The KAMRA inlay, a corneal implant to improve near vision in certain patients with presbyopia. It is intended for use in patients 45 to 60 years old who have not had cataract surgery, are unable to focus clearly on near objects or small print, and need reading glasses with +1.00 to +2.50 diopters of power but do not need glasses or contacts for clear distance vision. Safety and efficacy are based on 3 clinical studies, showing that 83.5% of the evaluable 478 participants had 20/40 or better vision at 12 months. The device is not intended for patients with past cataract surgery, severe dry eye, active eye infection or inflammation, certain corneal abnormalities, recent or recurring herpes eye infection, uncontrolled glaucoma, uncontrolled diabetes, or active autoimmune or connective tissue disease. The inlay may cause or worsen dry eye and various vision-related problems and can cause corneal complications, sometimes permanent. There is also risk for the focusing power of the eye to change, causing blurry vision and requiring glasses.
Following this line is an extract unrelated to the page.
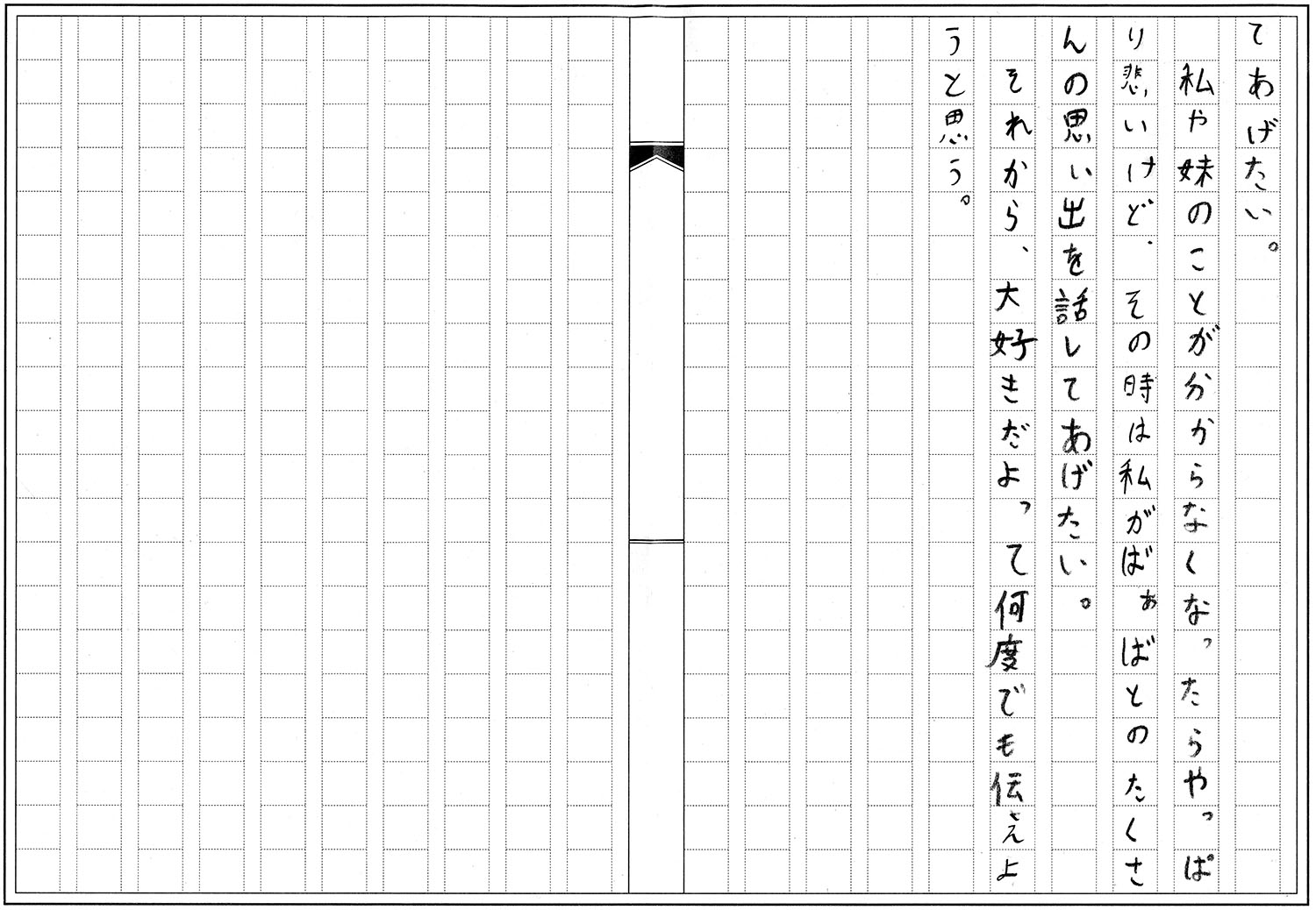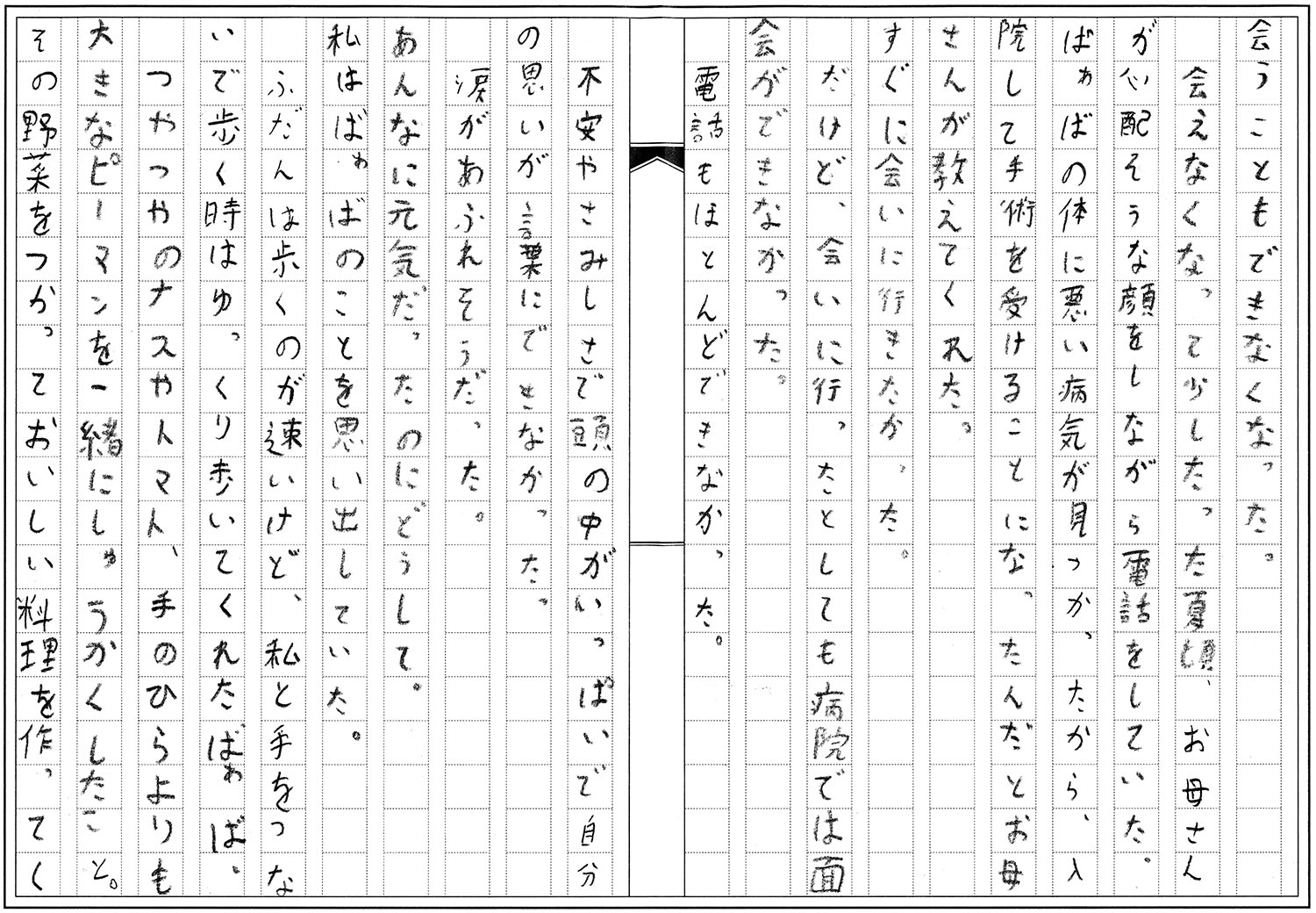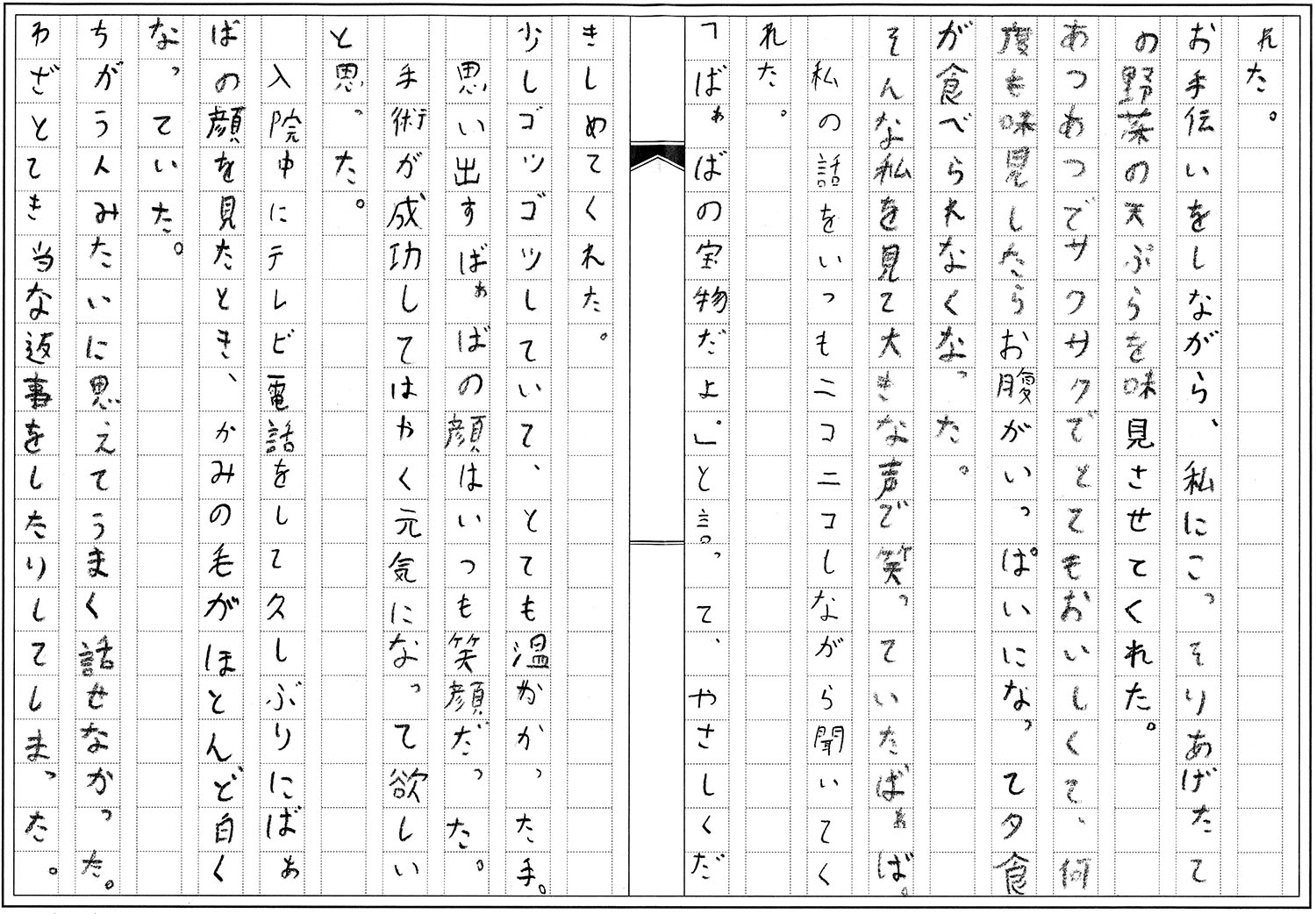 3年生 原川 綾芽 さん「ばぁばとの思い出」

A new indication for moxifloxacin (Avelox) to treat plague, including pneumonic plague and septicemic plague. It is also approved for prevention of plague in adult patients. Approval was based on an animal efficacy study conducted in African green monkeys infected with Yersinia pestis in a laboratory setting. All 10 monkeys treated with the drug survived compared to none of the 10 monkeys on placebo. Common side effects are nausea, diarrhea, headache, and dizziness. The drug carries a boxed warning about increased risk of tendinitis and tendon rupture and worsening of muscle weakness in people with myasthenia gravis. Other side effects include allergic reactions, liver damage, abnormalities of the blood, effects on the nervous system, and abnormal heart rhythm.
The Impella 2.5 System, a miniature blood pump system for temporary use by patients with severe symptomatic coronary artery disease and diminished (but stable) heart function who are undergoing high-risk percutaneous coronary intervention but are not candidates for surgical coronary bypass treatment. Approval was based on evidence that using the system during high-risk percutaneous coronary intervention could allow a longer and more thorough procedure by preventing episodes of hemodynamic instability and reduce later adverse events compared to an intra-aortic balloon pump.
Dinutuximab (Unituxin) to treat pediatric patients with high-risk neuroblastoma. It was approved under the orphan product program and carries a boxed warning about the risk of irritated and severely painful nerve cells, nerve damage, and life-threatening infusion reactions.
Cholic acid (Cholbam) capsules to treat bile acid synthesis disorders due to single enzyme defects and peroxisomal disorders (including Zellweger spectrum disorders). Efficacy for both indications was assessed in small trials lasting 18 years, which showed improvements in liver function tests and weight. The most common side effect was diarrhea. Use of the drug should be carefully monitored by an experienced hepatologist or pediatric gastroenterologist.